The Orion Nebula is one of the great observational playgrounds in the northern sky.
The Orion Nebula makes for an expansive scene of glowing hydrogen gas, sculpted by gravity and the stars that are forming within it. Credit: Fernando Oliveira de Menezes
The Orion Nebula (M42) is one of the most impressive sights in the night sky — part of a complex of hydrogen gas that is producing a new generation of stars. It makes a terrific target during the winter months, even it means bundling up to get to a good dark-sky site.
Lying about 1,350 light-years away and spanning 25 light-years, the Orion Nebula appears to the naked eye as a fuzzy “star” dangling just below the three stars of Orion’s belt. But through a telescope, it becomes an expansive playground to explore.

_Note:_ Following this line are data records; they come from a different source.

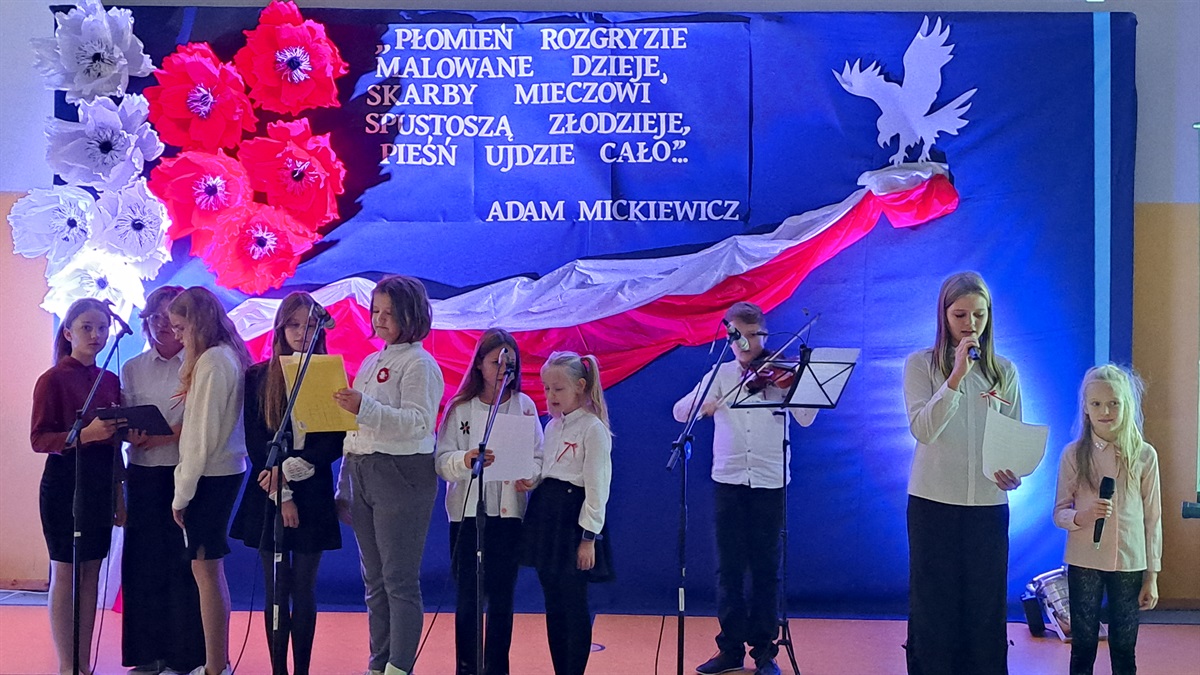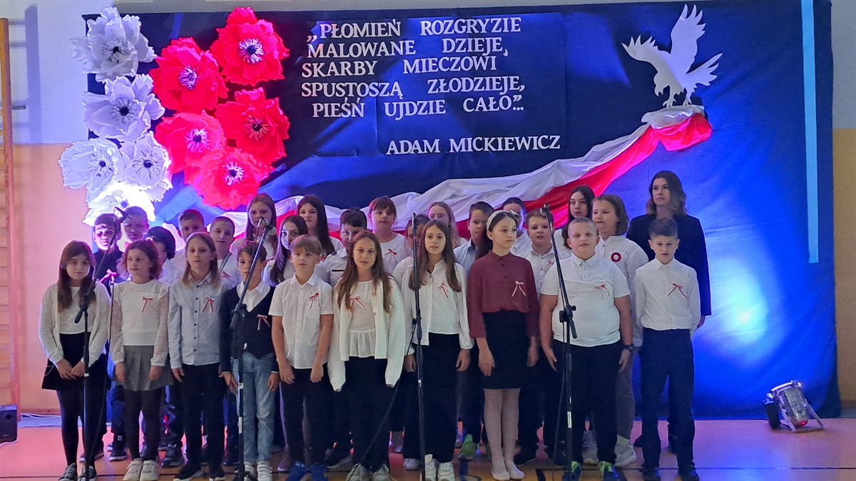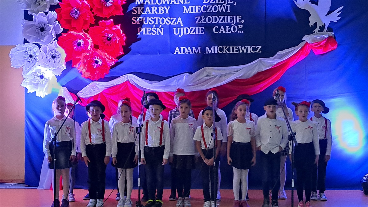 Z okazji 106. rocznicy odzyskania niepodległości w sali gimnastycznej rozbrzmiewały pieśni, które niegdyś towarzyszyły żołnierzom, powstańcom, partyzantom walczącym na wielu frontach o wolną Polskę.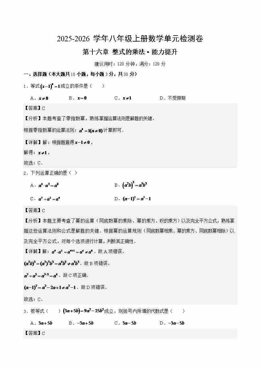 首页 > 全部 > 单元测试 > 八上数学第十六章 整式的乘法测试·提升卷(解析版)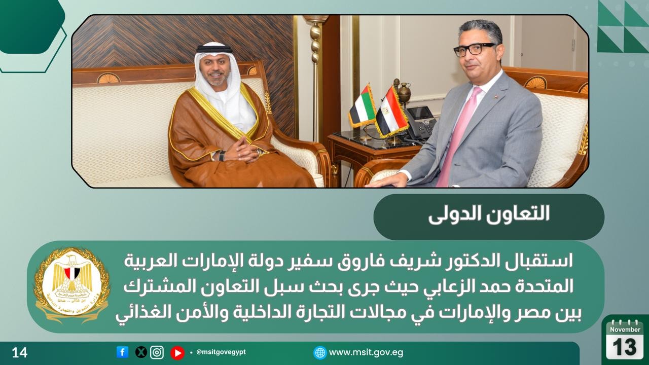 وبمقر الوزارة بالعاصمة الجديدة استقبل الدكتور شريف فاروق، وزير التموين والتجارة الداخلية، السفير حمد عبيد الزعابي، سفير دولة الإمارات العربية المتحدة لدى جمهورية مصر العربية، وخلال اللقاء تم مناقشة سُبل تعزيز التعاون المشترك بين البلدين وتبادل الخبرات في ملفات التموين والأمن الغذائي والتجارة الداخلية، والفرص الاستثمارية المتاحة.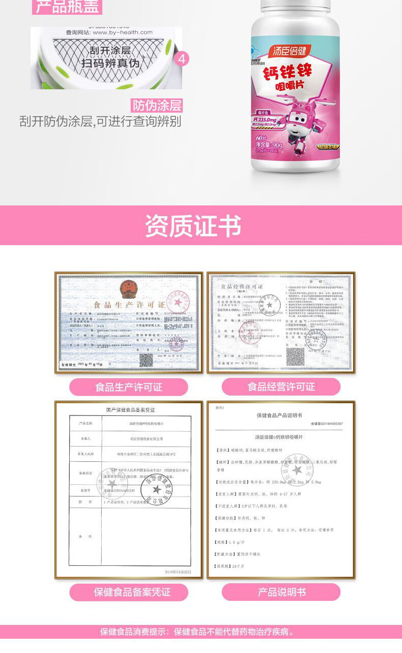 商品名称:汤臣倍健钙铁锌咀嚼片60片/瓶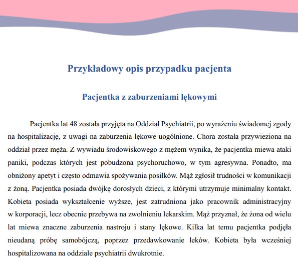 💉 Przykładowe opisy przypadku pacjenta – z cukrzycą typu II, rakiem piersi, zaburzeniami lękowymi, z wyłoniona stomią jelitową i nadciśnieniem tętniczym,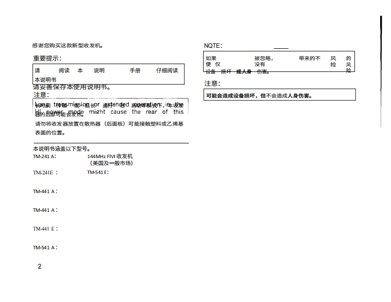 建武Kenwood_TM-241_441_541_Manual操作说明书手册中文版找手册网10天前发布关注私信9.75MB63页027建武Kenwood_TM-241_441_541_Manual操作说明书手册中文版此内容为付费资源,请付费后查看¥19¥21黄金会员免费钻石会员免费登录购买付费资源 第1页 / 共63页 第2页 / 共63页 第3页 / 共63页 第4页 / 共63页 第5页 / 共63页 第6页 / 共63页 第7页 / 共63页 第8页 / 共63页 第9页 / 共63页 第10页 / 共63页 试读已结束,还剩53页,您可下载完整版后进行离线阅读 THE END建武 文本预览 144 MHz FM收发机TM-241A/241E430/440 MHz FM收发机KENWOODTM-441A/441E1200 MHz FM收发机TM-541A/541E说明书KENWOOD CORPORATIONCB6200313012111009080706050403 查看更多 收起部分 喜欢就支持一下吧收藏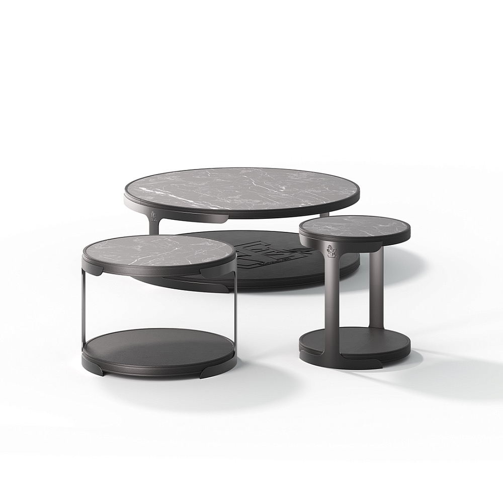 Круглый журнальный стол МОРГАН | MORGAN с двумя столешницами — это воплощение современного дизайна и функциональности. Каркас из нержавеющей стали или матового черного металла декорирован фирменным логотипом МОРГАН | MORGAN из олимпийской бронзы. Верхняя столешница доступна в различных вариантах: натуральный камень,  кварцевый агломерат, черное стекло или дерево. Нижняя столешница может быть выполнена из тех же материалов, либо из ткани с эксклюзивным тиснением или вышивкой.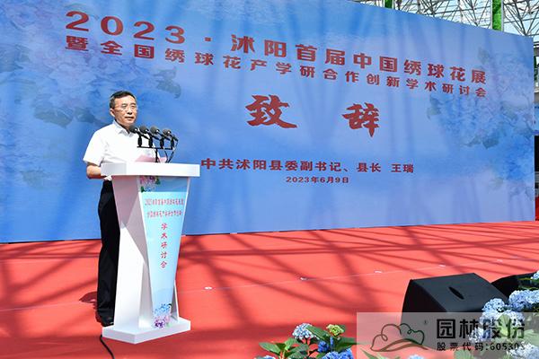 王瑞在致辭中代表沭陽縣委、縣政府及200萬花鄉(xiāng)人民,向參加開幕式的各位領導、各位嘉賓表示熱烈的歡迎和衷心的感謝,并簡要介紹了沭陽經(jīng)濟社會及繡球花產(chǎn)業(yè)發(fā)展。希望共同打造具有廣泛影響力、引領全國花卉行業(yè)發(fā)展的交易盛會,進一步擦亮沭陽“中國花谷”的彩色名片,奮力譜寫中國花木產(chǎn)業(yè)高質量發(fā)展新篇章。

The star Theta1 Orionis resolves into a system of four stars that form the asterism known as the Trapezium. (Several more associated stars are part of an open cluster). And the related object M43 is an extension of the glowing gas of M42, cut off from it visually by a dark lane of dust. Beyond M43 lies the fainter Running Man Nebula (NGC 1973/5/7).
All of this is just one region of the larger Orion molecular cloud complex, which comprises several other famous objects like Barnard’s Loop, the Flame Nebula (NGC 2024), and the Horsehead Nebula (Barnard 33).